My diffs are incredibly rusty. I mentioned that they are so rusty that the MOT guy mentioned them but I already was aware that they are really rusty. I am talking about flakes of metal falling off them when you touch them slightly, so badly that you cannot be underneath them as your eyes fill up with metal. Large chunks and small chunks. Really really rusty. I do not need an MOT guy to tell me that, I can see it with my own eyes.Have you got any mechanical knowledge at all? An MoT tester saying a diff is rusty just sounds like a poor dodgy MoT tester tbh.
The ratio change you are proposing is HUGE, have you bothered to use a gearing calculator to see what the actual impact would be?
Why on Earth do you think running at higher revs in its current state would be bad anyway? It already has pretty long tall gearing, just go and look at how most high revving 4 cylinder cars are geared.
Are you 100% sure the diffs didn't change in any other way during production? Are they 100% a direct swap over? Not saying they aren't, I don't know. But the L322 was built for many years and changed a lot in that time.

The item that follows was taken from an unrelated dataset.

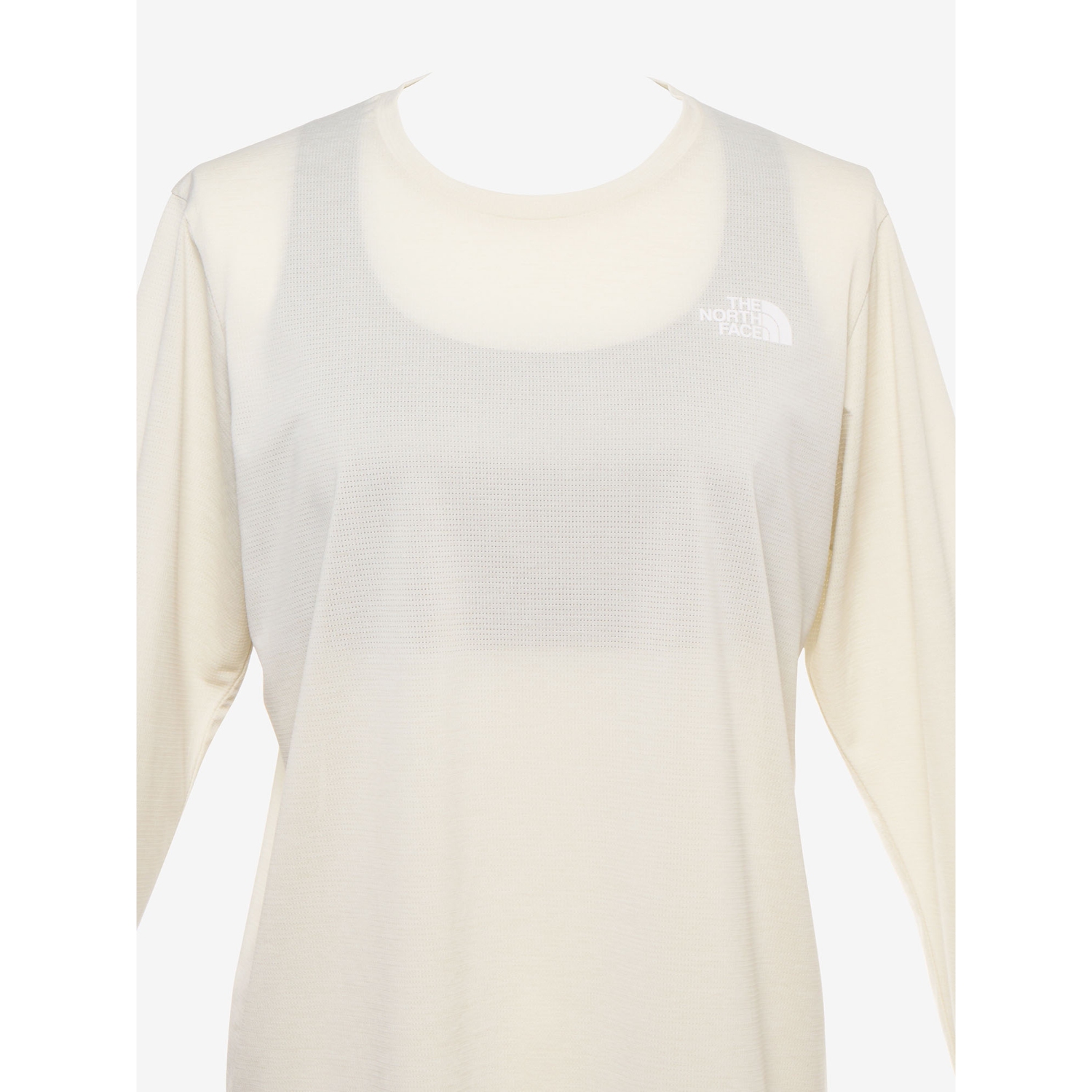 素材には、高い吸汗速乾性をもったTHE NORTH FACE独自の「FLASHDRY」を採用。肌面にはっ水糸を配置して、かいた汗を素早く表面に移行させ、肌面をドライに保ちます。肌面に若干の凹凸をもたせた立体的な編み地組織と相まって、肌へのまとわりつきも軽減。

Please do not compare four-cylinder engines to a 23 year-old V8 engine that was actually designed years earlier before it came to the Range Rover. It is about the RPM that the engine runs at compared to its top RPM.
I had a motorbike that would rev to 11,000 RPM but who cares? I am talking about a 2002 petrol 4.4 L V8 Range Rover. And yes I have years of experience working on cars which is why I am talking about changing over the diffs on a forum, to reduce the RPM.
I am not sure if the diffs did not change over time, which is part of the reason that I am posting this comment here. They seem to be the same based on every visual information that I have from looking at the two different diffs on the Gentlemen of Salvage website.
I was hoping that someone with more knowledge than me would be able to answer that question as opposed to someone without knowledge throwing out opinions.
As for the gear ratios, since nothing else would change in the drive train it is a simple ratio of 3.73 / 2.76. That is a 74% difference so if it was reving at 1,500 it would now rev at 1,500 x 74% =1,110. It's not complicated.
(I see that I typed 1,300 rpm before when I should have typed 1,500 rpm, sorry.)